ASSIGNMENT -> Copying exactly, give the lines in the material below from the one with "前者では、上流開発や液化事業" to the one with "Ghiveciul nostru emailat", ends included, and nothing besides.

AVAILABLE DATA ->
────
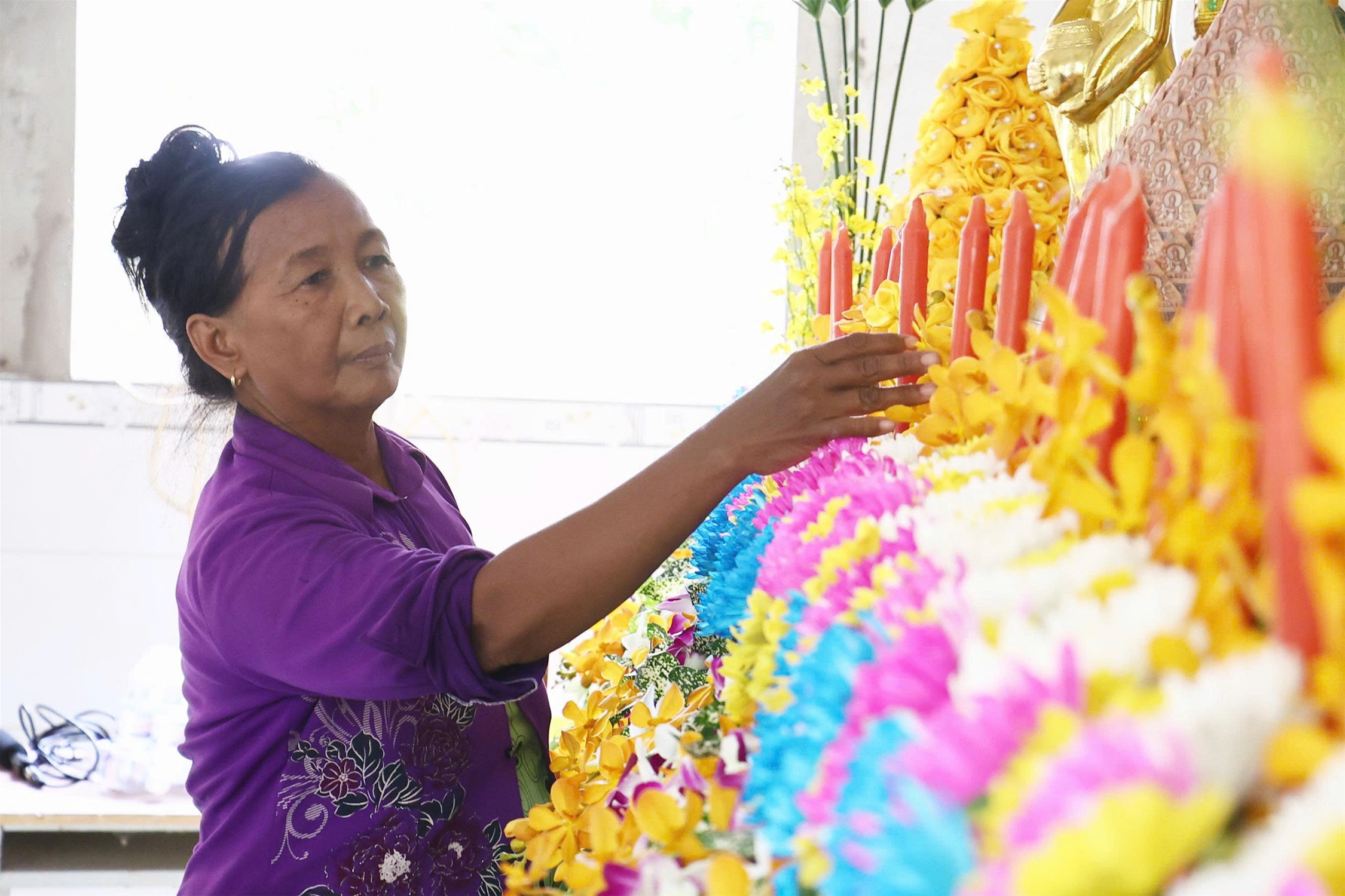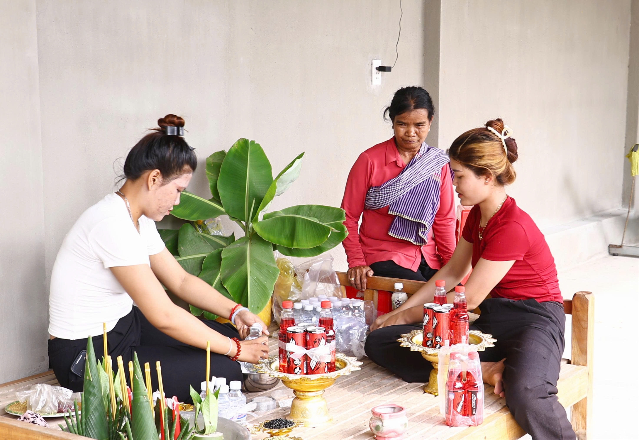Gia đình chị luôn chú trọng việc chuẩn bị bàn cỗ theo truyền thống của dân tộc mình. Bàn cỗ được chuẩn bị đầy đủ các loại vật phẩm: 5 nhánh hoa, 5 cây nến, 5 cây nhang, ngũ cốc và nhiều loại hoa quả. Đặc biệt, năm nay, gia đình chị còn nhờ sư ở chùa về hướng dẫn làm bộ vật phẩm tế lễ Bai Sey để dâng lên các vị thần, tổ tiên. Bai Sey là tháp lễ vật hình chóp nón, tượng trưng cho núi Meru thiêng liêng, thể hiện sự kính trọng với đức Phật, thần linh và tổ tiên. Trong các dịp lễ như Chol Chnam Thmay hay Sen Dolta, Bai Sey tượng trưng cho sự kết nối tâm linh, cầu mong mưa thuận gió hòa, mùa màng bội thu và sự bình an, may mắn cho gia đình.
────
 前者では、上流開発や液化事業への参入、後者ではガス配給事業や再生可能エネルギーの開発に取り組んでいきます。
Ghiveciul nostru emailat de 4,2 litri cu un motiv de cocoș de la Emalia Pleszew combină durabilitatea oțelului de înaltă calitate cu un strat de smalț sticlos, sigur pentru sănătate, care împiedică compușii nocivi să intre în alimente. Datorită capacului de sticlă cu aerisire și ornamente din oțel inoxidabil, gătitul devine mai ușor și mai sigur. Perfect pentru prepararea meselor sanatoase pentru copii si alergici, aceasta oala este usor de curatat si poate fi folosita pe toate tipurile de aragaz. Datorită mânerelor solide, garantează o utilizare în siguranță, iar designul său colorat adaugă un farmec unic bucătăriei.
────
WRITTEN ANSWER ->
 前者では、上流開発や液化事業への参入、後者ではガス配給事業や再生可能エネルギーの開発に取り組んでいきます。
Ghiveciul nostru emailat de 4,2 litri cu un motiv de cocoș de la Emalia Pleszew combină durabilitatea oțelului de înaltă calitate cu un strat de smalț sticlos, sigur pentru sănătate, care împiedică compușii nocivi să intre în alimente. Datorită capacului de sticlă cu aerisire și ornamente din oțel inoxidabil, gătitul devine mai ușor și mai sigur. Perfect pentru prepararea meselor sanatoase pentru copii si alergici, aceasta oala este usor de curatat si poate fi folosita pe toate tipurile de aragaz. Datorită mânerelor solide, garantează o utilizare în siguranță, iar designul său colorat adaugă un farmec unic bucătăriei.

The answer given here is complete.